Assignment:
Strip out all images, then restate the data verbatim.

Input data:
+++

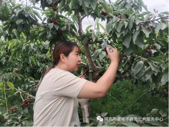 “又到了吃樱桃的季节,家乡的樱桃熟了,把樱桃送给大家,在果园里,我们现采现摘,红红的樱桃,厚厚的果实非常甜美,大家可以自己过来体验采摘的乐趣,也可以发往各地,欢迎大家来品尝!”阿克陶县抖音探店达人阿力木江透过直播镜头向大家介绍家乡的樱桃。
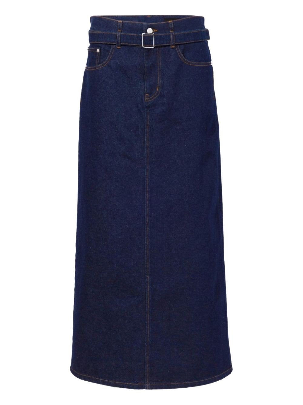 Calder denim skirt Highlights - Indigo blue - Stretch-cotton - Denim - Concealed fly and button fastening - Contrast stitching - Detachable and adjustable waist belt - Classic five pockets - Straight hem - Ankle-length Imported Composition Cotton 98%, Elastane 2% Washing instructions Machine Wash
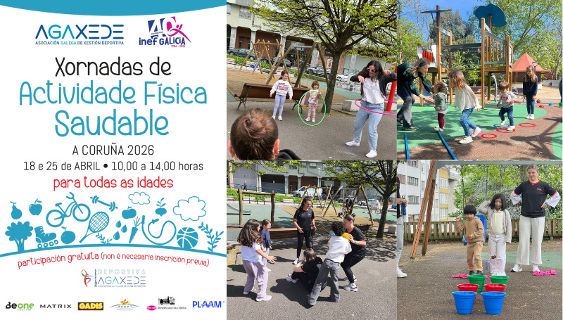 En la mañana del sábado 18 de abril, entre las 10:00 y las 14:00 horas, se celebró la primera Jornada de Actividad Física Saludable en los parques biosaludables ubicados en la Plaza Elíptica de Los Rosales, Novo Mesoiro y la zona del anfiteatro de Santa Margarita de A Coruña. Actividad organizada por la Sección Deportiva de AGAXEDE (Asociación Galega de Xestión Deportiva), con el apoyo de las entidades colaboradoras JIM SPORTS, GADIS, BEONE, MATRIX y PLAAM.
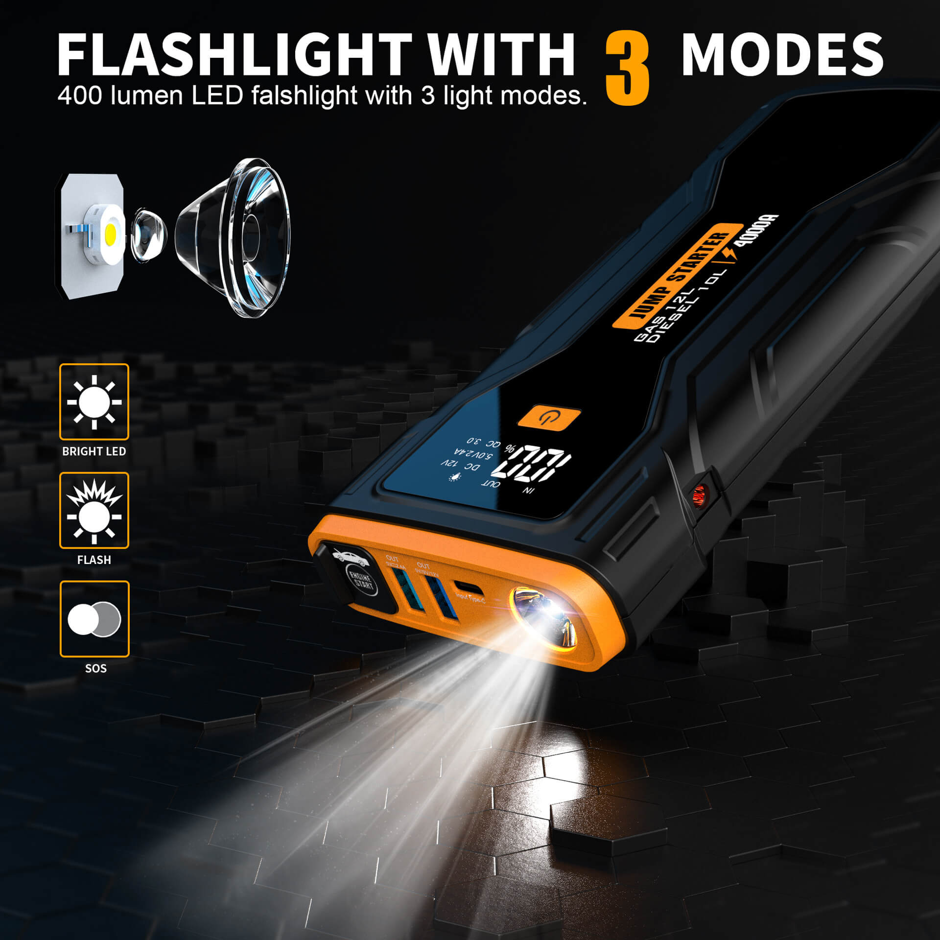 Emergency Lighting: Featuring LED lighting with multiple modes (lighting, flashing, emergency SOS), this car jump starter is ideal for nighttime emergencies such as flat tires or accidents. The SOS mode helps to prevent further accidents and ensures visibility in low light conditions.

+++

Finished exercise:
 “又到了吃樱桃的季节,家乡的樱桃熟了,把樱桃送给大家,在果园里,我们现采现摘,红红的樱桃,厚厚的果实非常甜美,大家可以自己过来体验采摘的乐趣,也可以发往各地,欢迎大家来品尝!”阿克陶县抖音探店达人阿力木江透过直播镜头向大家介绍家乡的樱桃。
 Calder denim skirt Highlights - Indigo blue - Stretch-cotton - Denim - Concealed fly and button fastening - Contrast stitching - Detachable and adjustable waist belt - Classic five pockets - Straight hem - Ankle-length Imported Composition Cotton 98%, Elastane 2% Washing instructions Machine Wash
 En la mañana del sábado 18 de abril, entre las 10:00 y las 14:00 horas, se celebró la primera Jornada de Actividad Física Saludable en los parques biosaludables ubicados en la Plaza Elíptica de Los Rosales, Novo Mesoiro y la zona del anfiteatro de Santa Margarita de A Coruña. Actividad organizada por la Sección Deportiva de AGAXEDE (Asociación Galega de Xestión Deportiva), con el apoyo de las entidades colaboradoras JIM SPORTS, GADIS, BEONE, MATRIX y PLAAM.
 Emergency Lighting: Featuring LED lighting with multiple modes (lighting, flashing, emergency SOS), this car jump starter is ideal for nighttime emergencies such as flat tires or accidents. The SOS mode helps to prevent further accidents and ensures visibility in low light conditions.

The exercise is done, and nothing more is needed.